ACTION ITEM: Write out the lines of the material below exactly, beginning at the line with "Aggiungi un tocco" and stopping after the line with "Blusa em Suede", and leave out the pictures.

EXCERPTED RECORDS:
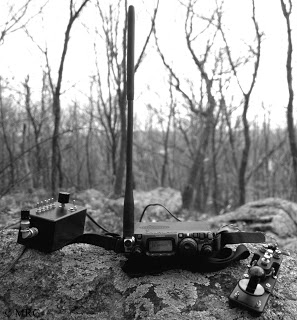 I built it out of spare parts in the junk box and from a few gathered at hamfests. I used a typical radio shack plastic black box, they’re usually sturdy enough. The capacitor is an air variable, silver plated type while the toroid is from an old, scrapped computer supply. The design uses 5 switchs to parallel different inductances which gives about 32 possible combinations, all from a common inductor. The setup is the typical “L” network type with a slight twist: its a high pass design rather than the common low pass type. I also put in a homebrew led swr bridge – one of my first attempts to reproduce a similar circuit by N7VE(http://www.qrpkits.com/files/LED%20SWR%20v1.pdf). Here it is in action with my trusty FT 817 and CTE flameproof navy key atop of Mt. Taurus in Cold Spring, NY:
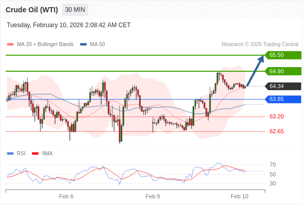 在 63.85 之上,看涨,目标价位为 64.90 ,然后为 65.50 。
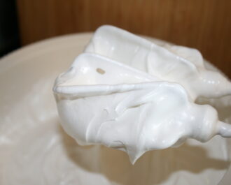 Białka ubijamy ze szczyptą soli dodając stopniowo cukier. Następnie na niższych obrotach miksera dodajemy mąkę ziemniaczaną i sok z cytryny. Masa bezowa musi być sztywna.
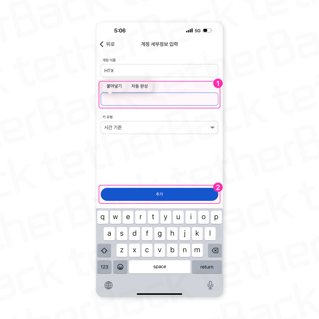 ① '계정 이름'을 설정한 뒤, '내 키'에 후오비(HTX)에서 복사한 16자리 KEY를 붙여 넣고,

* * *

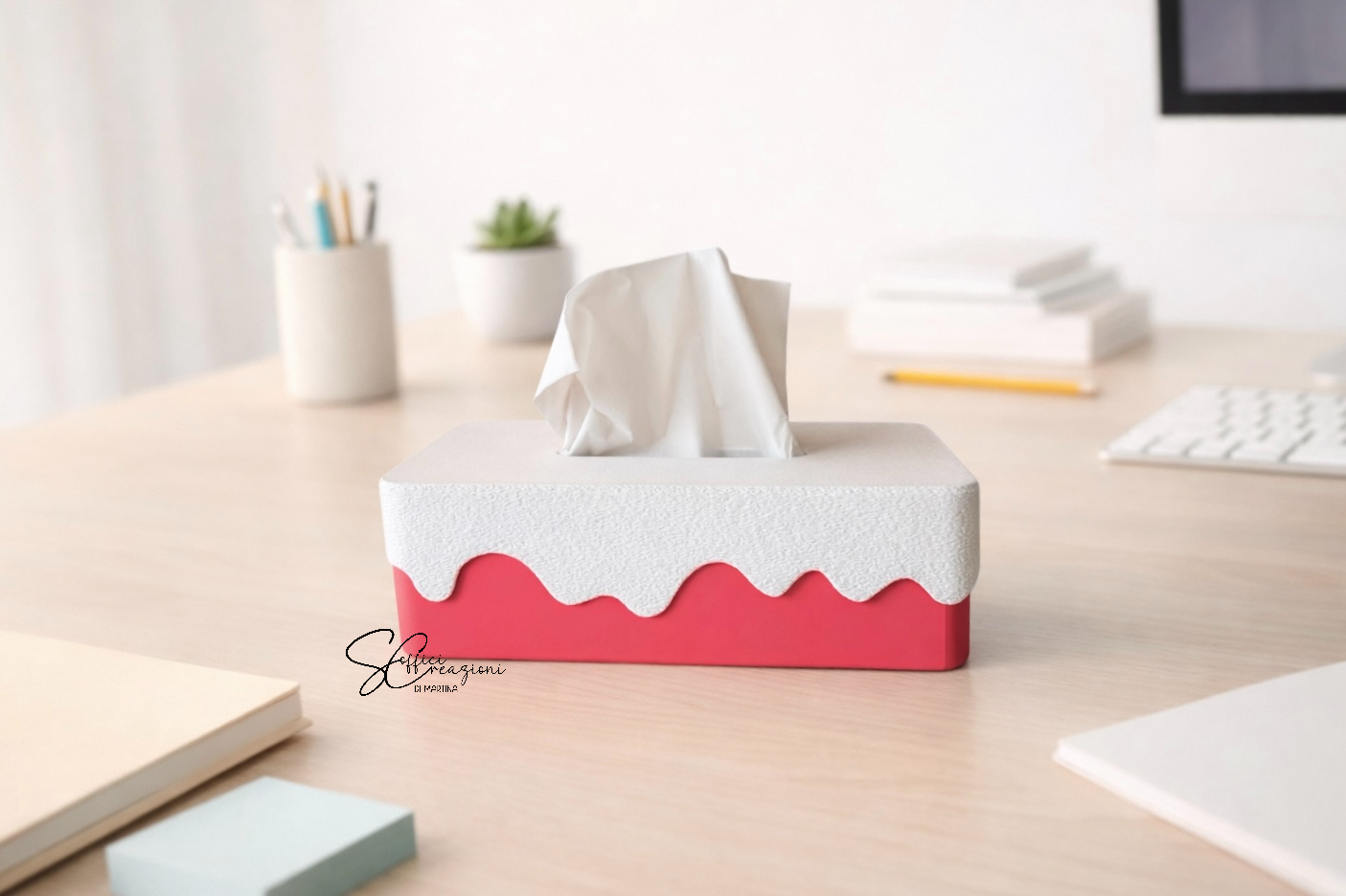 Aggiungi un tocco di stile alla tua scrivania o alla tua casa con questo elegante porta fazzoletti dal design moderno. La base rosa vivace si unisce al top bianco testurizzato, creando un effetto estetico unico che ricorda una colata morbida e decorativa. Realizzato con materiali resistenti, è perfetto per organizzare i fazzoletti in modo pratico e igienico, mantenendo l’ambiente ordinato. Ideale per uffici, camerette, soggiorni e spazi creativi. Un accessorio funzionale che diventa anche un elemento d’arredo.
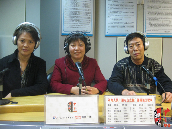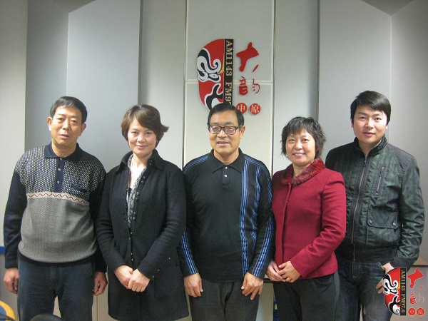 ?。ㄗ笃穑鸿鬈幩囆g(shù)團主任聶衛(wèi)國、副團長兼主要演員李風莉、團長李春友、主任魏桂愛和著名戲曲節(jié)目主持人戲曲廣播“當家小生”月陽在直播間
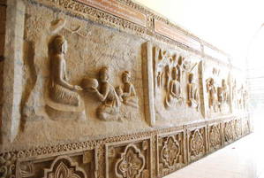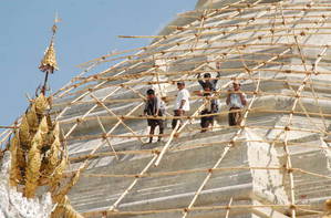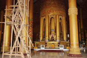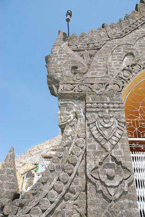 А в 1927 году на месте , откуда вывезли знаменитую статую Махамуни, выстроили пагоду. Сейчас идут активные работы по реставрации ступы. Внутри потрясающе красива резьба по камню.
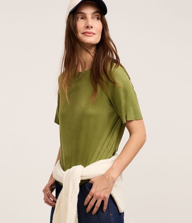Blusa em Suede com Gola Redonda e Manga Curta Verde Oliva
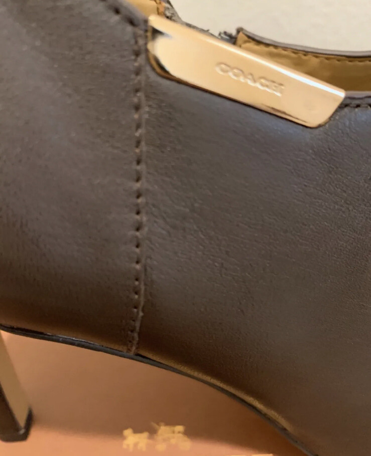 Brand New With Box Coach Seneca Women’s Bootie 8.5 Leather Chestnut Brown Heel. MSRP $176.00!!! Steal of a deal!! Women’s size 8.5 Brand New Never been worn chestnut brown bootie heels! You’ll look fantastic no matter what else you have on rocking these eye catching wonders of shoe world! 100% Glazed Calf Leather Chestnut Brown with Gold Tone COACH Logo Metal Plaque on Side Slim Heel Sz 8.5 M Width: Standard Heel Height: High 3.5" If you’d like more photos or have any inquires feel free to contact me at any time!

REPLY:
 Aggiungi un tocco di stile alla tua scrivania o alla tua casa con questo elegante porta fazzoletti dal design moderno. La base rosa vivace si unisce al top bianco testurizzato, creando un effetto estetico unico che ricorda una colata morbida e decorativa. Realizzato con materiali resistenti, è perfetto per organizzare i fazzoletti in modo pratico e igienico, mantenendo l’ambiente ordinato. Ideale per uffici, camerette, soggiorni e spazi creativi. Un accessorio funzionale che diventa anche un elemento d’arredo.
 ?。ㄗ笃穑鸿鬈幩囆g(shù)團主任聶衛(wèi)國、副團長兼主要演員李風莉、團長李春友、主任魏桂愛和著名戲曲節(jié)目主持人戲曲廣播“當家小生”月陽在直播間
 А в 1927 году на месте , откуда вывезли знаменитую статую Махамуни, выстроили пагоду. Сейчас идут активные работы по реставрации ступы. Внутри потрясающе красива резьба по камню.
Blusa em Suede com Gola Redonda e Manga Curta Verde Oliva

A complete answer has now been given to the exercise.